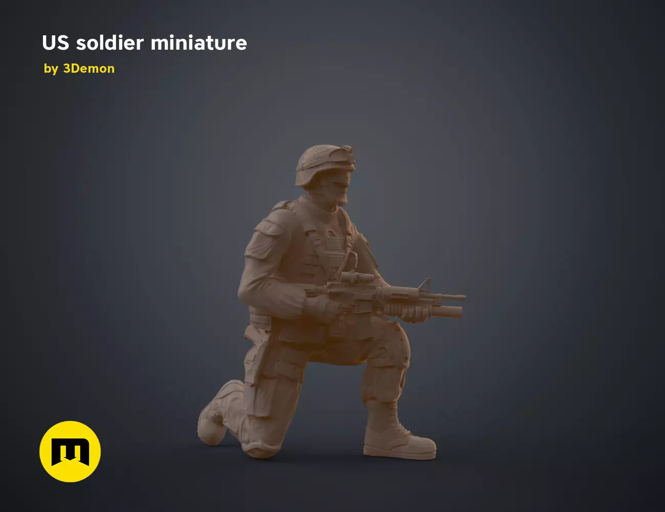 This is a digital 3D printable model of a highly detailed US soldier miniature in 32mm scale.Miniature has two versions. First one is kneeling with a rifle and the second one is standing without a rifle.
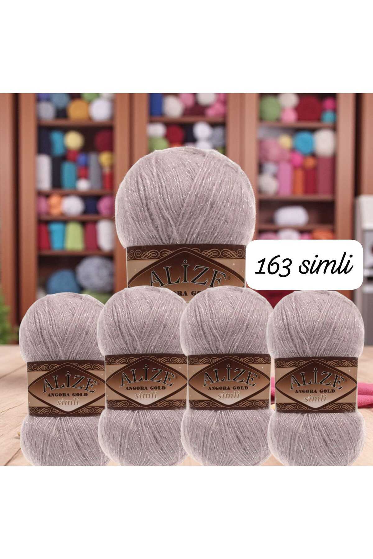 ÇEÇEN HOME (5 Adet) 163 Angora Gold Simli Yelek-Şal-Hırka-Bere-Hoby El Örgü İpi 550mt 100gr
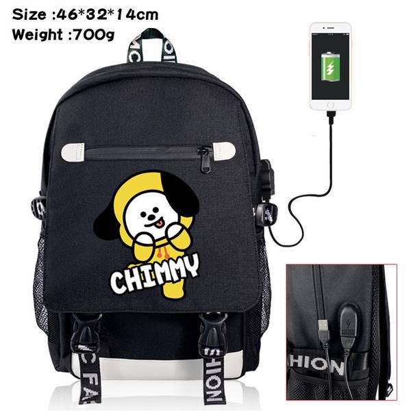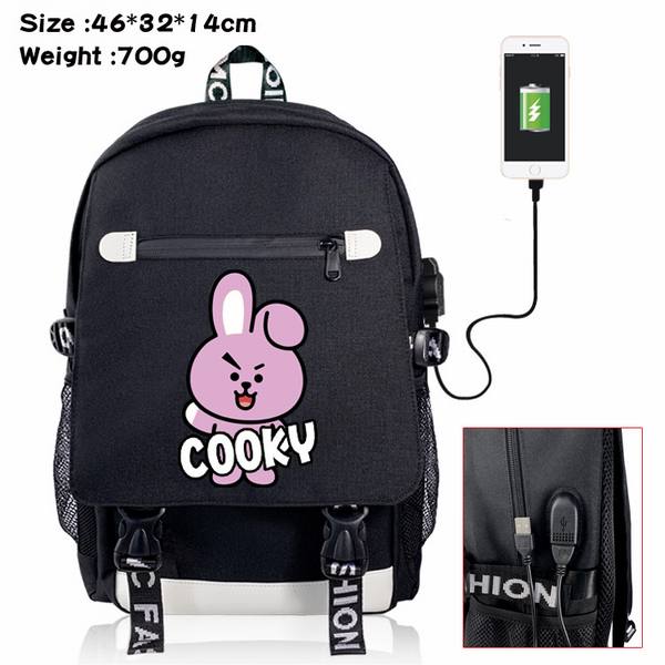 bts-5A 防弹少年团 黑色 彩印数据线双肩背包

---

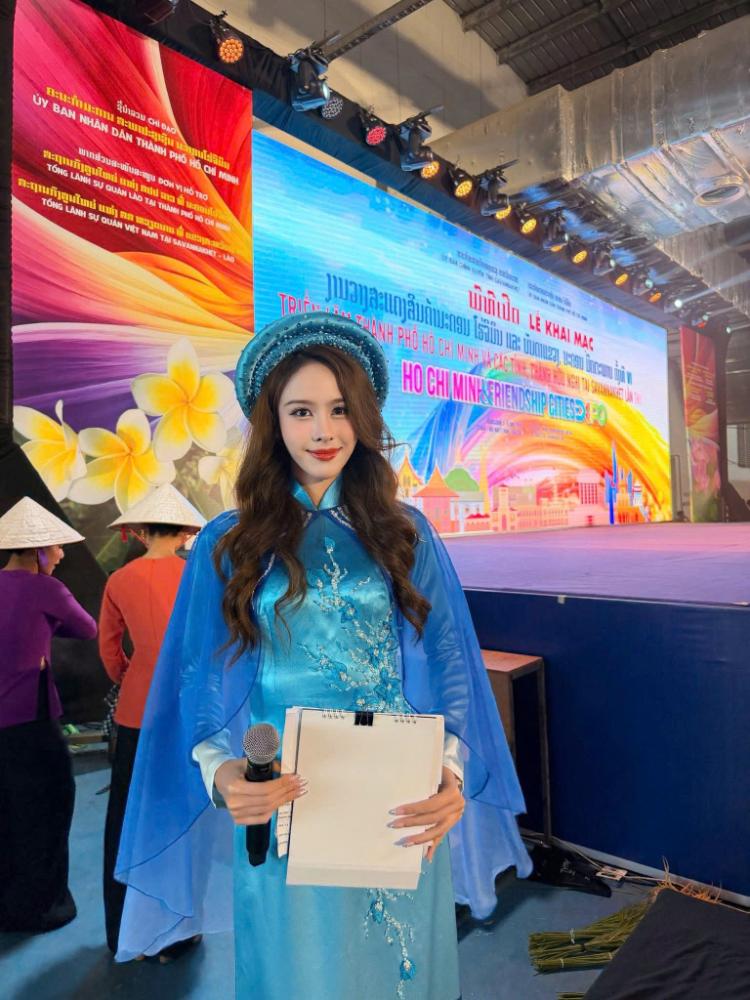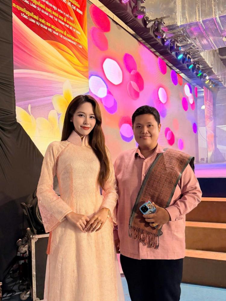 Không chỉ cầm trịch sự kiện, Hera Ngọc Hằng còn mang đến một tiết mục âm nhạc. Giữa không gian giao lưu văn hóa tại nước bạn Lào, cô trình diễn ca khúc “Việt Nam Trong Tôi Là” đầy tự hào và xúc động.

---

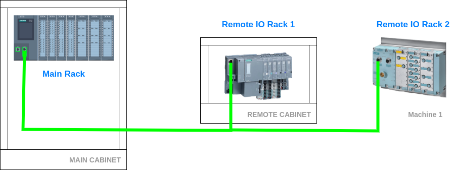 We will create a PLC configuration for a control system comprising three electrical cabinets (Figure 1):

Problem to work on – From the line with "This is a digital" up to and including the line with "bts-5A 防弹少年团 黑色 彩印数据线双肩背包" above, retype every line exactly and nothing more; leave out the pictures.

Result –
 This is a digital 3D printable model of a highly detailed US soldier miniature in 32mm scale.Miniature has two versions. First one is kneeling with a rifle and the second one is standing without a rifle.
 ÇEÇEN HOME (5 Adet) 163 Angora Gold Simli Yelek-Şal-Hırka-Bere-Hoby El Örgü İpi 550mt 100gr
 bts-5A 防弹少年团 黑色 彩印数据线双肩背包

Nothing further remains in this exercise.